*** Material for this task ***

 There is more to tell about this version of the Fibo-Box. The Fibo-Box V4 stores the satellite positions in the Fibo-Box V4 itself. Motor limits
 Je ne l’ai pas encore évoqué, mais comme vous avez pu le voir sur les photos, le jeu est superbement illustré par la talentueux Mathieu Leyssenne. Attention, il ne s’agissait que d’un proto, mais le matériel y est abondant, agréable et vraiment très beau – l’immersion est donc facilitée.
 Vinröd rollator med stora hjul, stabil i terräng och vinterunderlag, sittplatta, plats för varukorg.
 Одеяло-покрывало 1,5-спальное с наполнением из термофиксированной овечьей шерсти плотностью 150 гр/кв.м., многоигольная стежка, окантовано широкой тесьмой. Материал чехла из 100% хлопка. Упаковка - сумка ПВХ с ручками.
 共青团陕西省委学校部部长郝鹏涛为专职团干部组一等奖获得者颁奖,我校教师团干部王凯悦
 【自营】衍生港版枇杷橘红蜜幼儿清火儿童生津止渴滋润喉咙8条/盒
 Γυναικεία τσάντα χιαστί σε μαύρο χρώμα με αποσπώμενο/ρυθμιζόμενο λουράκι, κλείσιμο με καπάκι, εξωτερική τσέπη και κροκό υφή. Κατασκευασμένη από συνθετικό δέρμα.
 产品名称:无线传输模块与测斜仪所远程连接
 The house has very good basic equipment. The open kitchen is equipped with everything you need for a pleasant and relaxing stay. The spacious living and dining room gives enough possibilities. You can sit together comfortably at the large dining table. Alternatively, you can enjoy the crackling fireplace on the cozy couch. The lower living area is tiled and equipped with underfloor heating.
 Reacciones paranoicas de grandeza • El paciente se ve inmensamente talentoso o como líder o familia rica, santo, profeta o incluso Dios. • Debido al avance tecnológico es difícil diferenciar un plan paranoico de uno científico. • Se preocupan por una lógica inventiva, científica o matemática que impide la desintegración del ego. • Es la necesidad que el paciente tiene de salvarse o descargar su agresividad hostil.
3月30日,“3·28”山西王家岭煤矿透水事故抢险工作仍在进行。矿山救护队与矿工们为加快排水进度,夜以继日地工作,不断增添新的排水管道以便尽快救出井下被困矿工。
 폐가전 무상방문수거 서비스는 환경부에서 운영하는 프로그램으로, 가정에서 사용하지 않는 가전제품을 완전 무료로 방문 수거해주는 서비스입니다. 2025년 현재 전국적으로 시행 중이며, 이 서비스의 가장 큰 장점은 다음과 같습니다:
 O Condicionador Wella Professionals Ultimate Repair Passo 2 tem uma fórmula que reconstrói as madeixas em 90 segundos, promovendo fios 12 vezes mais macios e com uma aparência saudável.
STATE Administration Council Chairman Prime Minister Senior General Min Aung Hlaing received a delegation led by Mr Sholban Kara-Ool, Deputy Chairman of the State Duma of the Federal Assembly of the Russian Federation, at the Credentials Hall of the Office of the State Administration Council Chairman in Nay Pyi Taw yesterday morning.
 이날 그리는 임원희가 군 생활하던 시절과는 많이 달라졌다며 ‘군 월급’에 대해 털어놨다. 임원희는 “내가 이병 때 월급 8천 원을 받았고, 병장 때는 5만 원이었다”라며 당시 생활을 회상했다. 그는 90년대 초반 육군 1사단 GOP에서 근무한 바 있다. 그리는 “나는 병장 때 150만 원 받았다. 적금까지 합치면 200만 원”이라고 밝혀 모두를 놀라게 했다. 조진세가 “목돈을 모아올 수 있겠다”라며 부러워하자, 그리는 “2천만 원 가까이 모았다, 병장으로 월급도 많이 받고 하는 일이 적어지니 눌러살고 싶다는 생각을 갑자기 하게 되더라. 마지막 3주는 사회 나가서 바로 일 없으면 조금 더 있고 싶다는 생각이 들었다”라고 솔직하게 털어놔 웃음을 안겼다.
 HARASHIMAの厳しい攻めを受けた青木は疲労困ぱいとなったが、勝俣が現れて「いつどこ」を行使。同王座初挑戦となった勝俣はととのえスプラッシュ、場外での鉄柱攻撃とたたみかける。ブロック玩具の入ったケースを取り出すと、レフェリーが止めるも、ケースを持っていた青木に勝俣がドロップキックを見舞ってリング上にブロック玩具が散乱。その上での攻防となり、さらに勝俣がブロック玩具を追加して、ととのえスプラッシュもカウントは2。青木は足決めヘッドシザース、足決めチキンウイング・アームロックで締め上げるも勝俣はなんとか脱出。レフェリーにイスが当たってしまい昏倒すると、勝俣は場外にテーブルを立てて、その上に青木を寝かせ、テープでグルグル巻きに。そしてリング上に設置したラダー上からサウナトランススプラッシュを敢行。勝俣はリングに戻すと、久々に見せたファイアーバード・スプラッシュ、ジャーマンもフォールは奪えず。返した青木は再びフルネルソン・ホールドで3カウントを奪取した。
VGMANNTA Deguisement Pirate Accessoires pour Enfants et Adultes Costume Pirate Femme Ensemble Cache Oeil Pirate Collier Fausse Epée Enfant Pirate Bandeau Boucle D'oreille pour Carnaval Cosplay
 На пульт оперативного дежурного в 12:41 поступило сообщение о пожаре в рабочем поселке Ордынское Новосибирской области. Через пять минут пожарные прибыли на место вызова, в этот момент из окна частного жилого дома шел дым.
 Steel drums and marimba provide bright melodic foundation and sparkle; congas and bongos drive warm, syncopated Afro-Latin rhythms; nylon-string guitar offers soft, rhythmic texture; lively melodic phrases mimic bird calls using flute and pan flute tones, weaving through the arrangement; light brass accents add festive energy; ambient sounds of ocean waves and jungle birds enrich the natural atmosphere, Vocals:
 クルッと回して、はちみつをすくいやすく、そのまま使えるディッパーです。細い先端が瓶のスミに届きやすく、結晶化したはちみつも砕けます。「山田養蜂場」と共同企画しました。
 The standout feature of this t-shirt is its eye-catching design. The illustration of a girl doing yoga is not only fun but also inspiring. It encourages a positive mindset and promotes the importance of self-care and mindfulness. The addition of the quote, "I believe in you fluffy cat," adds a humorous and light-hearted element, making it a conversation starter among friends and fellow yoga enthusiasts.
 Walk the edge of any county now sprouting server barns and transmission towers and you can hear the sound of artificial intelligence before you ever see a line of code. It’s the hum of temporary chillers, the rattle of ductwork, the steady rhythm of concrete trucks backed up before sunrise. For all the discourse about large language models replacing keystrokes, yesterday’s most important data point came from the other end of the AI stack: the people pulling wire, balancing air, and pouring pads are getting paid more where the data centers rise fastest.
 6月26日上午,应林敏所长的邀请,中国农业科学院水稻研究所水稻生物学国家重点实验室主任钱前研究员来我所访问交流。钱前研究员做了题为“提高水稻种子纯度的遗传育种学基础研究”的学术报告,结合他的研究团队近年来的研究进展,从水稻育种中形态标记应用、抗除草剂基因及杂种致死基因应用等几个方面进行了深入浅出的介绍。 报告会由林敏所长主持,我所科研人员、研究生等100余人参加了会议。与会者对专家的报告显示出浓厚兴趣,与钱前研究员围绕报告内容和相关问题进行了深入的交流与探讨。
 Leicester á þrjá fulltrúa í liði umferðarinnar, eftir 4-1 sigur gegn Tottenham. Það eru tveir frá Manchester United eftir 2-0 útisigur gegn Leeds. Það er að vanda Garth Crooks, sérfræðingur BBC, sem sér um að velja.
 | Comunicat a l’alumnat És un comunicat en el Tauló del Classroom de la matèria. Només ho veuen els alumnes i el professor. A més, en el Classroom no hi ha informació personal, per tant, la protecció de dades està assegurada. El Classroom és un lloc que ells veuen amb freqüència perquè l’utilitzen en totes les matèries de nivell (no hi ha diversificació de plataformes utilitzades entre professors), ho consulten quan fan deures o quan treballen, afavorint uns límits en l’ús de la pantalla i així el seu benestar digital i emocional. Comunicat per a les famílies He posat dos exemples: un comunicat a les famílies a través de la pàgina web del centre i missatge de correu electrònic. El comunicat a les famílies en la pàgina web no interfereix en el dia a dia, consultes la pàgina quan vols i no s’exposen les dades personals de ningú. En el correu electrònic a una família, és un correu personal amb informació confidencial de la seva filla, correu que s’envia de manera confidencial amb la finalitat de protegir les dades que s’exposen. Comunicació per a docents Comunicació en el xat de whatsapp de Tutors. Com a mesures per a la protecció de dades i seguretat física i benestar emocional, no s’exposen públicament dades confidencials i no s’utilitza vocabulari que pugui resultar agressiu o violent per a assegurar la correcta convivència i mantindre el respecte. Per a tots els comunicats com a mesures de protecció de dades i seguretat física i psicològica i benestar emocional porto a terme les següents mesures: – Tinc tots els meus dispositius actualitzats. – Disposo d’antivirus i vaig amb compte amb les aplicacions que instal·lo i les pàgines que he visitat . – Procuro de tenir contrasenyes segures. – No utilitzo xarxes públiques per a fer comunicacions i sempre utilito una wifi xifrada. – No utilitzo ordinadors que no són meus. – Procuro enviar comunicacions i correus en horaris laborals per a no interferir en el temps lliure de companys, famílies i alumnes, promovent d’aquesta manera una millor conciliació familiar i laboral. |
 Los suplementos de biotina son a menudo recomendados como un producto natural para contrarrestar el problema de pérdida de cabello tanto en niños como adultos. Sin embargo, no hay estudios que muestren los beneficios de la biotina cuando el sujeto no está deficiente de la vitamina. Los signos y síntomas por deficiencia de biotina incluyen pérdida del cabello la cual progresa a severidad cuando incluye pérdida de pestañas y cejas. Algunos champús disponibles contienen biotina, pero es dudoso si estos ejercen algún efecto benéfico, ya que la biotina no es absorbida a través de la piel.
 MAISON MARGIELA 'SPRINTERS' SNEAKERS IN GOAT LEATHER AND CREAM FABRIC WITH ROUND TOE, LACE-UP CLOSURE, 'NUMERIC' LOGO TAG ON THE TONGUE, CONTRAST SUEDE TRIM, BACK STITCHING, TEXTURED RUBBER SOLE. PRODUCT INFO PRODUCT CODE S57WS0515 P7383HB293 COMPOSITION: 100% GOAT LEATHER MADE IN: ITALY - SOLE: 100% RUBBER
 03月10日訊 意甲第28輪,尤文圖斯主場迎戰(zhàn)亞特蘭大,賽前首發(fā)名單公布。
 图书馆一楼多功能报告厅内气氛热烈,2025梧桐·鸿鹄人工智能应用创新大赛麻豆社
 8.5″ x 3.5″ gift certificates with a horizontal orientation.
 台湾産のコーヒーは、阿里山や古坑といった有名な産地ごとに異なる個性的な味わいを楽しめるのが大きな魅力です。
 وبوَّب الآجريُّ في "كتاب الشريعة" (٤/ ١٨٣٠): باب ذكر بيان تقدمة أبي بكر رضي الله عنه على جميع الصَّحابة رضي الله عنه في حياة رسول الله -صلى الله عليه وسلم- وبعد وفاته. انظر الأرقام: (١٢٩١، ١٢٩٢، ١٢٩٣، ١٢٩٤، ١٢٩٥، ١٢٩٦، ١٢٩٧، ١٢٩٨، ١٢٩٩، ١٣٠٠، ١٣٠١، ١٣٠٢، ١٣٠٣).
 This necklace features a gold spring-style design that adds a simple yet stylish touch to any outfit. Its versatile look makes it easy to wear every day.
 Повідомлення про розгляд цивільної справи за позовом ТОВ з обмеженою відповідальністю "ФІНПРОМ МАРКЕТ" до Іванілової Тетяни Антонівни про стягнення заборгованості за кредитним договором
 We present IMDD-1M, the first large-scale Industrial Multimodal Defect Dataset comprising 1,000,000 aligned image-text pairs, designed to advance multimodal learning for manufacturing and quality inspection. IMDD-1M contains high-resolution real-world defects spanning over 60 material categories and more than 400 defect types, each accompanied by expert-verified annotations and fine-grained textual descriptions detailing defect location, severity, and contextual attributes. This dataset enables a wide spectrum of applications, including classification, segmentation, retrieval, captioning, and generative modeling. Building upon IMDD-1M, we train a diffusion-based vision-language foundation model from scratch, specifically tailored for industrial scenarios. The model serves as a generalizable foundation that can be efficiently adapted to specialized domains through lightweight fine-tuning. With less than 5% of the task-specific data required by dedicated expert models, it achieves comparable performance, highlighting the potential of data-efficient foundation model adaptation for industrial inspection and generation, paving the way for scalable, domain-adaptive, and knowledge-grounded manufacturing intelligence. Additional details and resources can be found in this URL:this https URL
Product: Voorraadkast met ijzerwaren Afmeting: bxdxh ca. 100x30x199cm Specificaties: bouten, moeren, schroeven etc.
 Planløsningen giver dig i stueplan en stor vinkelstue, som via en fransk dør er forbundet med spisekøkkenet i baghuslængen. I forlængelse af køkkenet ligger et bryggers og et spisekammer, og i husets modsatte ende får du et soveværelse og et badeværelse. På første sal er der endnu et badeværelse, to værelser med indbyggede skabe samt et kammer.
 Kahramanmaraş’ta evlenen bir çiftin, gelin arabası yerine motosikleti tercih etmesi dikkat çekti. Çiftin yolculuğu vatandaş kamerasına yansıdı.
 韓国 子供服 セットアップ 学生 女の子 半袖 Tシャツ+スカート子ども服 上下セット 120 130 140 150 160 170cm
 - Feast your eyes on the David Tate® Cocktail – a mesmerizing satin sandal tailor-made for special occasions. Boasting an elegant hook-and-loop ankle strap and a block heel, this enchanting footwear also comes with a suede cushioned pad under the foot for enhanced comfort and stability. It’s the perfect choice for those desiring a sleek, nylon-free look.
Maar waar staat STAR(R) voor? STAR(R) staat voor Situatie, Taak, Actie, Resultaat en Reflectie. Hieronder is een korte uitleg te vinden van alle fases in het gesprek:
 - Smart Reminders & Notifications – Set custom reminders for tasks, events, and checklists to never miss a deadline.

***

**Aim of the exercise**
Within the data above, the lines from the one with "クルッと回して、はちみつをす" to the one with "Leicester á þrjá" must be repeated exactly; no other line belongs in the answer.

**Finished task**
 クルッと回して、はちみつをすくいやすく、そのまま使えるディッパーです。細い先端が瓶のスミに届きやすく、結晶化したはちみつも砕けます。「山田養蜂場」と共同企画しました。
 The standout feature of this t-shirt is its eye-catching design. The illustration of a girl doing yoga is not only fun but also inspiring. It encourages a positive mindset and promotes the importance of self-care and mindfulness. The addition of the quote, "I believe in you fluffy cat," adds a humorous and light-hearted element, making it a conversation starter among friends and fellow yoga enthusiasts.
 Walk the edge of any county now sprouting server barns and transmission towers and you can hear the sound of artificial intelligence before you ever see a line of code. It’s the hum of temporary chillers, the rattle of ductwork, the steady rhythm of concrete trucks backed up before sunrise. For all the discourse about large language models replacing keystrokes, yesterday’s most important data point came from the other end of the AI stack: the people pulling wire, balancing air, and pouring pads are getting paid more where the data centers rise fastest.
 6月26日上午,应林敏所长的邀请,中国农业科学院水稻研究所水稻生物学国家重点实验室主任钱前研究员来我所访问交流。钱前研究员做了题为“提高水稻种子纯度的遗传育种学基础研究”的学术报告,结合他的研究团队近年来的研究进展,从水稻育种中形态标记应用、抗除草剂基因及杂种致死基因应用等几个方面进行了深入浅出的介绍。 报告会由林敏所长主持,我所科研人员、研究生等100余人参加了会议。与会者对专家的报告显示出浓厚兴趣,与钱前研究员围绕报告内容和相关问题进行了深入的交流与探讨。
 Leicester á þrjá fulltrúa í liði umferðarinnar, eftir 4-1 sigur gegn Tottenham. Það eru tveir frá Manchester United eftir 2-0 útisigur gegn Leeds. Það er að vanda Garth Crooks, sérfræðingur BBC, sem sér um að velja.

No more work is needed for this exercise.